Frank that thank you was for you as well.

It's worth noting in passing that my simple calculation above is rather unrealistic. That the density is uniform throughout the sphere (assuming that the radius is less than the Schawrtzschild radius so the object is not a black hole and so that we can then discuss its internals) is not physically reasonable. Assuming that the sphere is made of the same "stuff" throughout, one needs an equation of state to determine what its steady state composition is--particularly what the density is as a function of radius, and this will not be constant.

 Planck mass

mp = Sqrt[\[HBar] c/G];

 Planck length

lp = Sqrt[\[HBar] G/c^3];

 Schwarzschild radius of Planck mass is 2 Planck lengths

rs = 2*G*mp/c^2;

rs/lp // PowerExpand

2

See my revised answer above.... By the way, if you forget the expression for the Schwartzschild radius you can get it from

FormulaData[{"BlackHoleEventHorizonRadius", "Standard"}]

The Schwarzschild radius of a mass is not the radius of the object. It is the radius below which if a non-rotating spherically symmetric distribution with that mass were contained within it it would constitute a black hole. Frank's answer is correct.

Now let's get back to our originally scheduled broadcast and purpose for this forum: Wolfram technologies. ;-)

Ok, I think that I can give you a more sensible answer.
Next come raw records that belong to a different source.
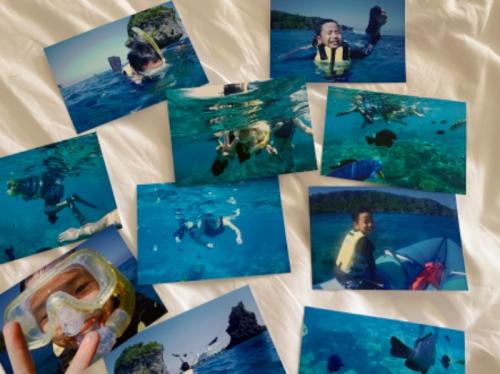 この度は3歳からできるクマノミ城バナナボート&シュノーケリング 午前コースにご参加いただきまして誠にありがとうございます。8歳の息子さんのシュノーケリングデビューが素敵な思い出になったようで、スタッフ一同とても嬉しく思います。すてきなお写真もたくさんわざわざありがとうございます。シュノーケリングポイントによっては、見られるお魚も違うので是非またご参加いただければと思います。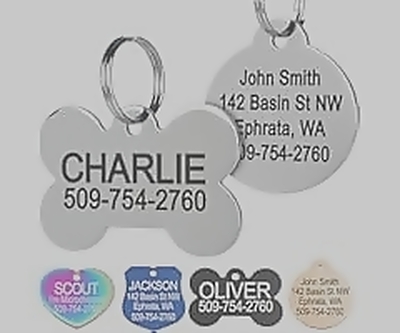 Personalized stainless steel pet ID tags with up to 8 lines of custom text, engraved on both sides for durability.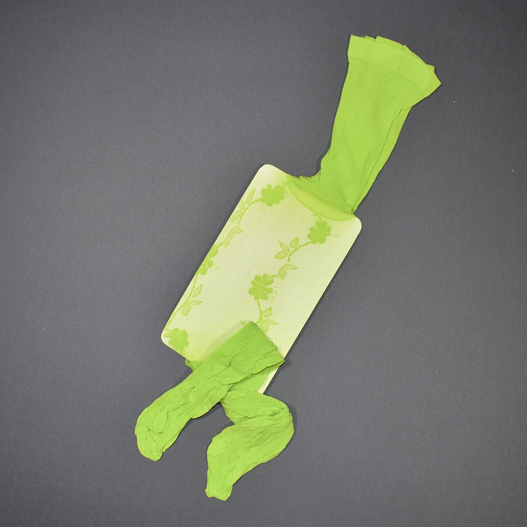 Описание: Веселие и цветове в стъпките! Осветете деня на вашата малка госпожица с този привлекателен светлозелен чорапогащник, украсен с игриви листни мотиви за допълнителен природен шарм.
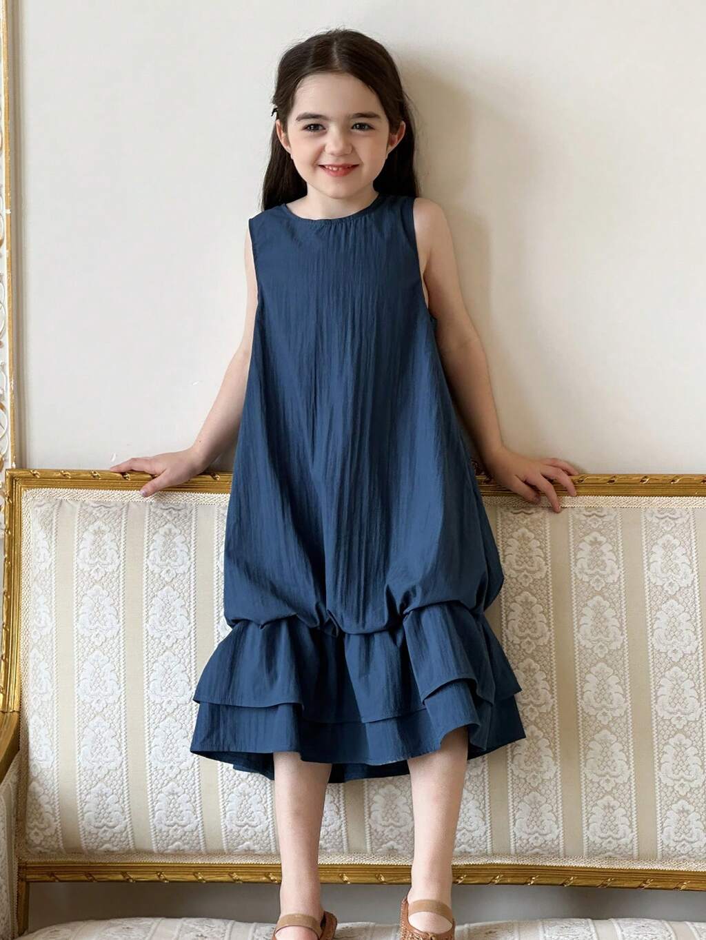 Young Girls Sleeveless Round Neck Casual Dress For Summer
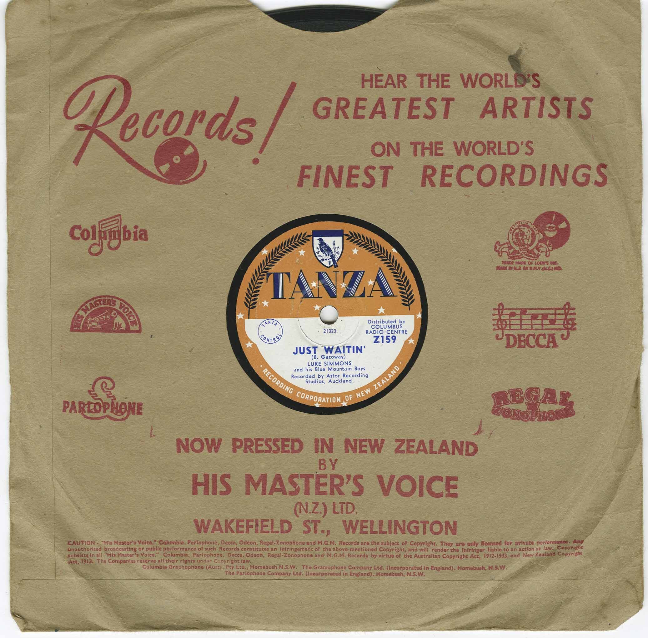 Luke Simmons and His Blue Mountain Boys moved from their native Vancouver, British Columbia to New Zealand in the early 1950's and recorded dozens of 78's on the Tanza label at the Astor Recording Studios in Auckland, New Zealand. The group consisted of the three Canadians Luke Simmons on vocals, Vic Crane on bass, and Clarence LeVesque on fiddle. "Howlin at the Moon" was one of his first recordings.

Here is the expression for the Schawrtzschild radius in terms of the Mass:

$r=\frac{2 G M}{c^2}$

Now substitute for the mass in terms of the density ( $M=\frac{4 \pi r^3}{3}$) and get:

$r=\frac{8 \pi G \rho r^3}{3 c^2}$

Now solve for r,

Solve[r == (8 G \[Pi] r^3 \[Rho])/(3 c^2), r]

and get

{{r -> 0}, 
{r -> -((c Sqrt[3/(2 \[Pi])])/( 2 Sqrt[G] Sqrt[\[Rho]]))},
 {r -> (c Sqrt[3/(2 \[Pi])])/( 2 Sqrt[G] Sqrt[\[Rho]])}}

and the last solution is clearly the physical one you are looking for:

$\frac{\sqrt{\frac{3}{2 \pi }} c}{2 \sqrt{G} \sqrt{\rho }}$

Is this the correct interpretation of your question? I hope this helps...

No, it's proportional to the mass.

http://en.wikipedia.org/wiki/Schwarzschild_radius